Purpose
The purpose of this paper is to consider the impact of effectuation when used by small suppliers within key account management (KAM) relationships.
Design/methodology/approach
An exploratory longitudinal case study approach was used to examine a single small supplier operating in the snack foods sector of the UK foods industry, as it entered into a new KAM relationship with a major retailer and undertook four new product development projects.
Findings
Findings suggest effectuation may positively moderate the ability of a small supplier to enter into a KAM relationship by enabling it to obtain resources and limit risk. However, once within the relationship, the use of effectuation may negatively impact success by increasing the potential for failure to co-create new product development, leading to sub-optimal products, impacting buyer confidence and trust. Furthermore, a failed KAM relationship may impact other customers through attempts to recover revenues by selling these products, which may promote short-term success but, in the long-term, lead to cascading sales failure.
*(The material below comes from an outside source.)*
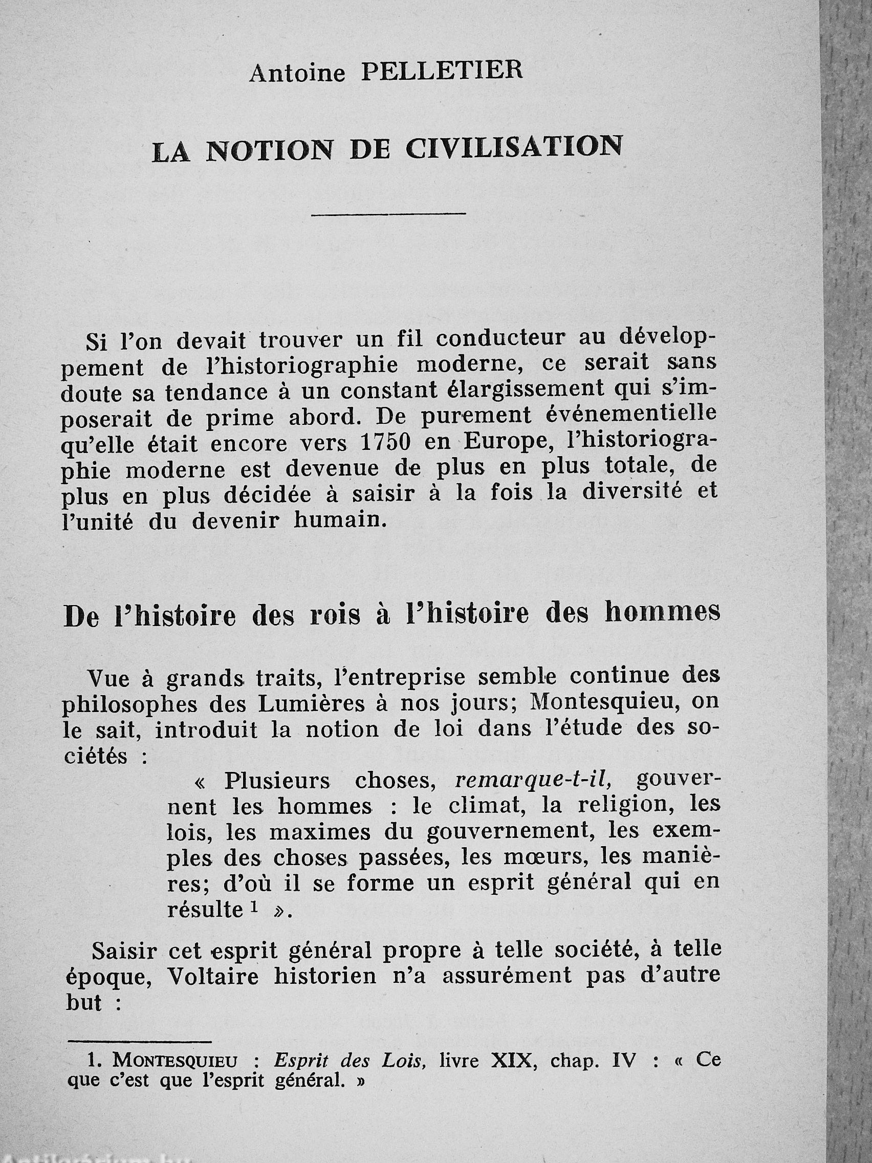 La premiere, due a Antoine Pelletier, est consacrée a l'historique de la notion de civilisation, et a l'examen de l'usage qui en est fait dans l'histoire universitaire française.

Research limitations/implications
It cannot be claimed that the findings of just one case study represent all small suppliers or KAM relationships. Furthermore, the case presented specifically concerns buyer-supplier relationships within the food sector.
Practical implications
This study appears to suggest caution be exercised when applying effectuation to enter into a KAM relationship, as reliance on effectual means to garner required resources may lead to the production of sub-optimal products, which are rejected by the customer. Additionally, a large customer considering entering into a KAM relationship with a small supplier should take care to ensure their chosen partner has all resources needed to successfully deliver as required or be prepared to provide sufficient support to avoid the production of sub-optimal products.
Originality/value
Findings suggest the use of effectuation within a KAM relationship has the potential to develop a dark side within business-to-business buyer-supplier relationships through unintentional breaches of trust by the selling party.